Your goal: Below are the records. Retype exactly the lines between the lines holding "Kirim CV dan" and "Βαθμίδα εκπαίδευσης: Δευτεροβάθμια", inclusive.

Supplied data:
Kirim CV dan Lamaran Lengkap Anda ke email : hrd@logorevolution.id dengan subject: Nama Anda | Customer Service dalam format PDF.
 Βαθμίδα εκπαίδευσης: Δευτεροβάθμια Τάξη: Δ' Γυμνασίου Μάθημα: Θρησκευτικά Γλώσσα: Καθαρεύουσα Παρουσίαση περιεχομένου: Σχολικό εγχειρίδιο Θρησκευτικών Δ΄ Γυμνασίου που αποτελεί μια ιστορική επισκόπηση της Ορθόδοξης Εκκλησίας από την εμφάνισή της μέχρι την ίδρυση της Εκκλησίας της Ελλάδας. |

---

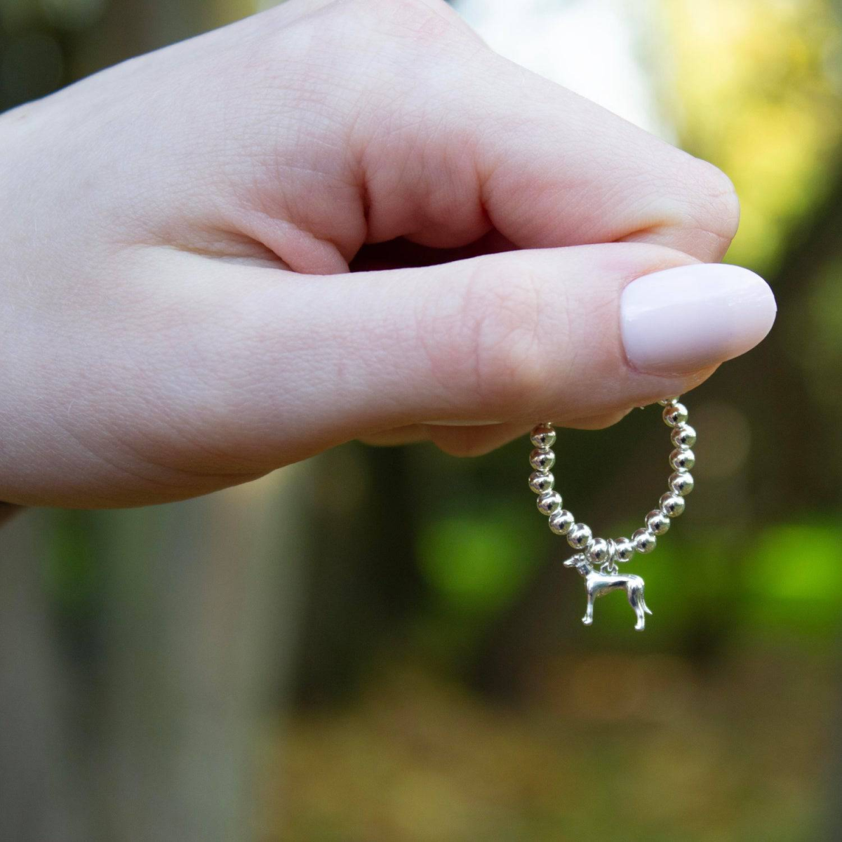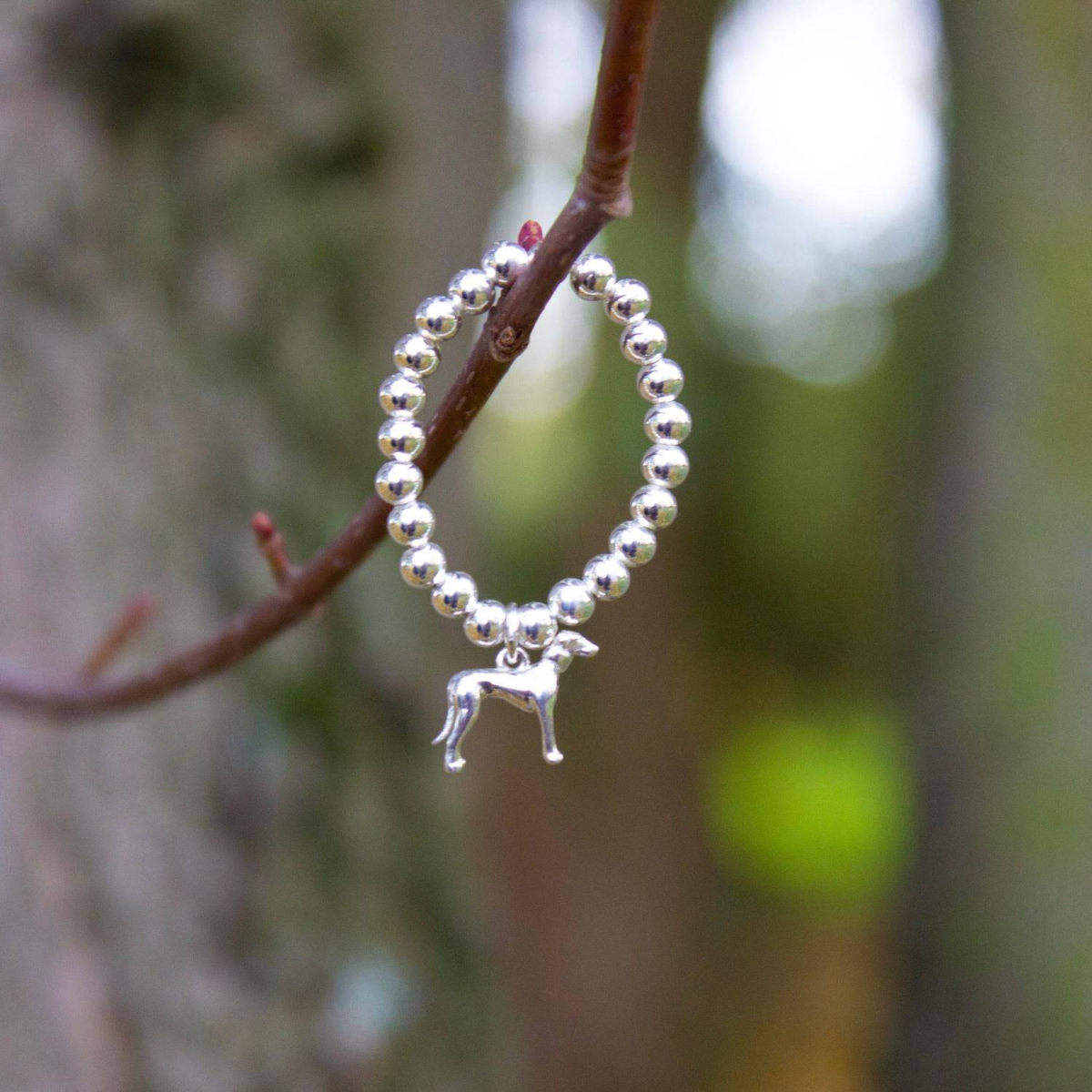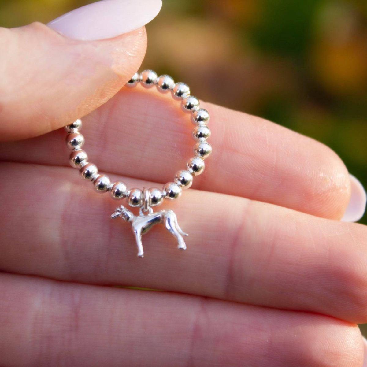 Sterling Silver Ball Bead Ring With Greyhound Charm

...

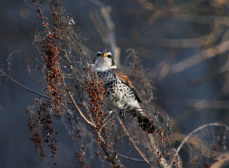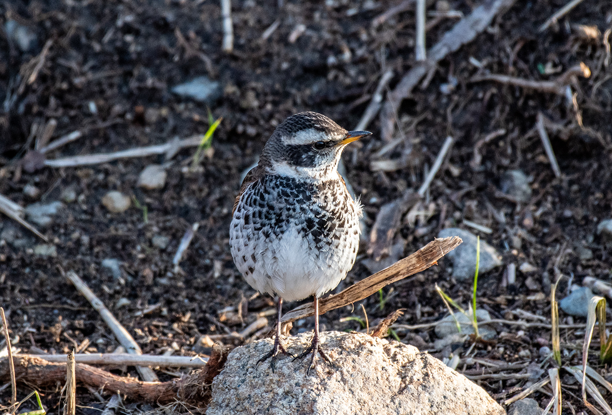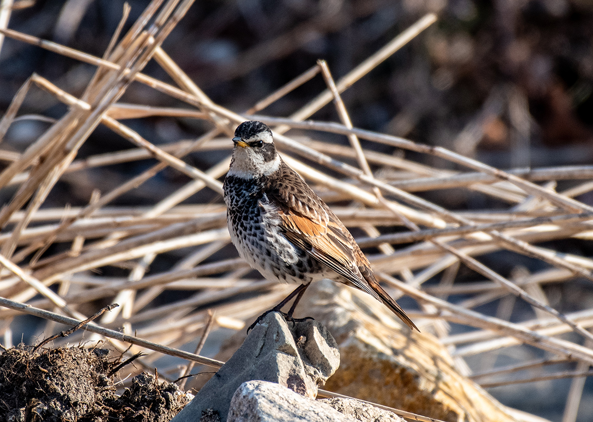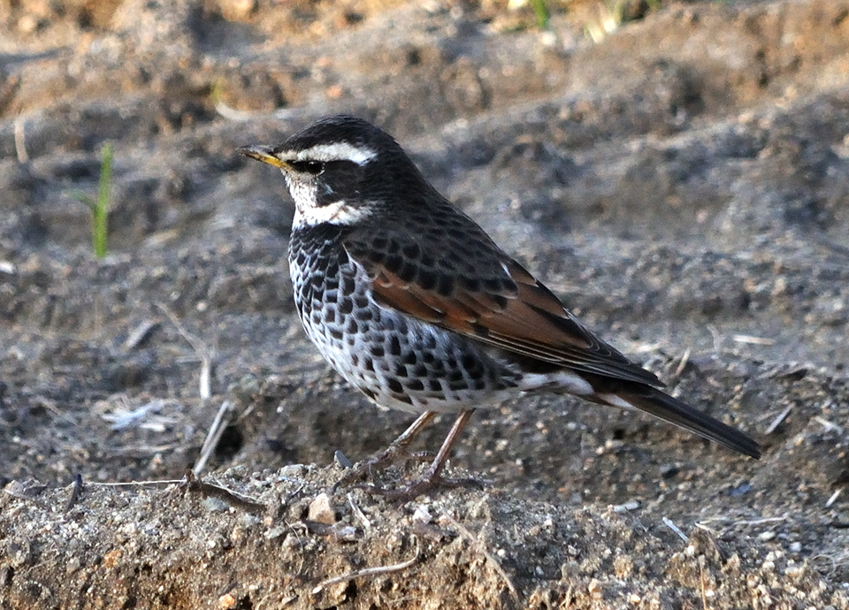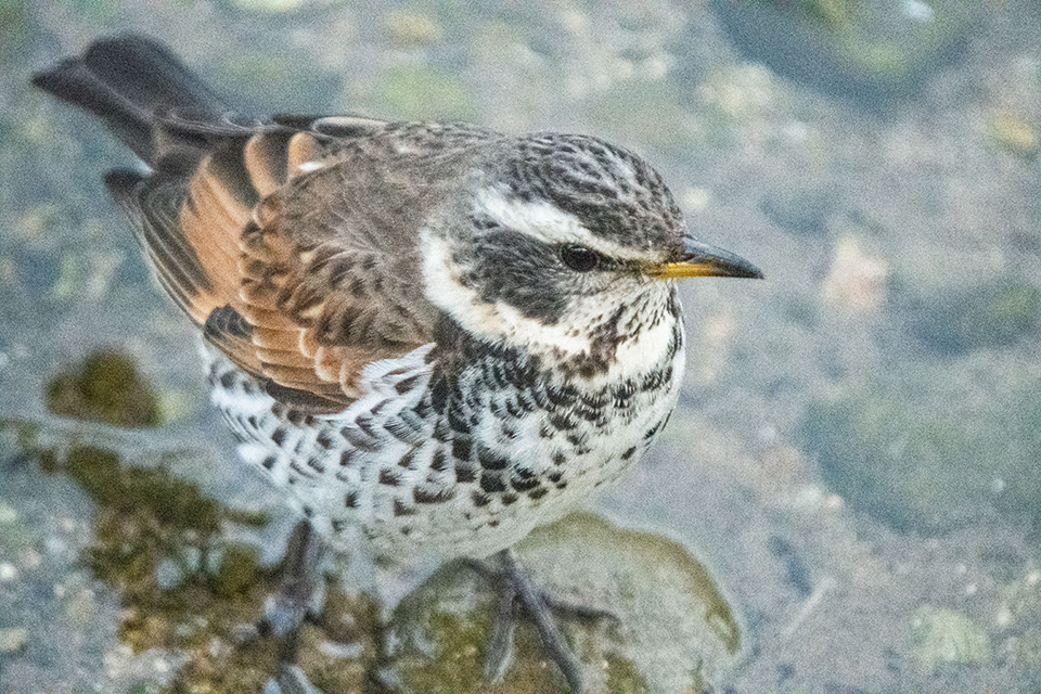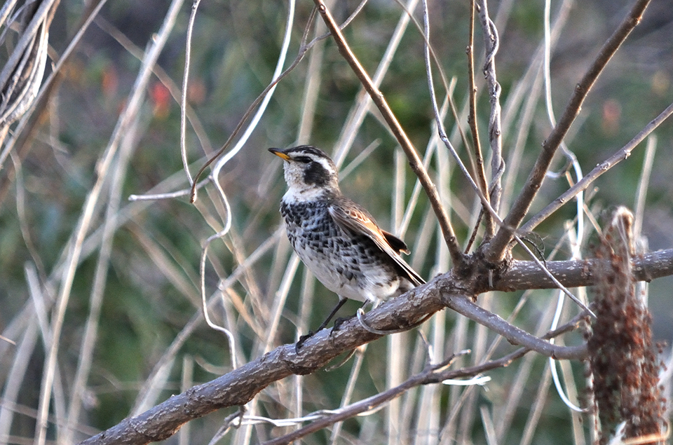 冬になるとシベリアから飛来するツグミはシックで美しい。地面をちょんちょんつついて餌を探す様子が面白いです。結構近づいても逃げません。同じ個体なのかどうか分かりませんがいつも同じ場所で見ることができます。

Output:
Kirim CV dan Lamaran Lengkap Anda ke email : hrd@logorevolution.id dengan subject: Nama Anda | Customer Service dalam format PDF.
 Βαθμίδα εκπαίδευσης: Δευτεροβάθμια Τάξη: Δ' Γυμνασίου Μάθημα: Θρησκευτικά Γλώσσα: Καθαρεύουσα Παρουσίαση περιεχομένου: Σχολικό εγχειρίδιο Θρησκευτικών Δ΄ Γυμνασίου που αποτελεί μια ιστορική επισκόπηση της Ορθόδοξης Εκκλησίας από την εμφάνισή της μέχρι την ίδρυση της Εκκλησίας της Ελλάδας. |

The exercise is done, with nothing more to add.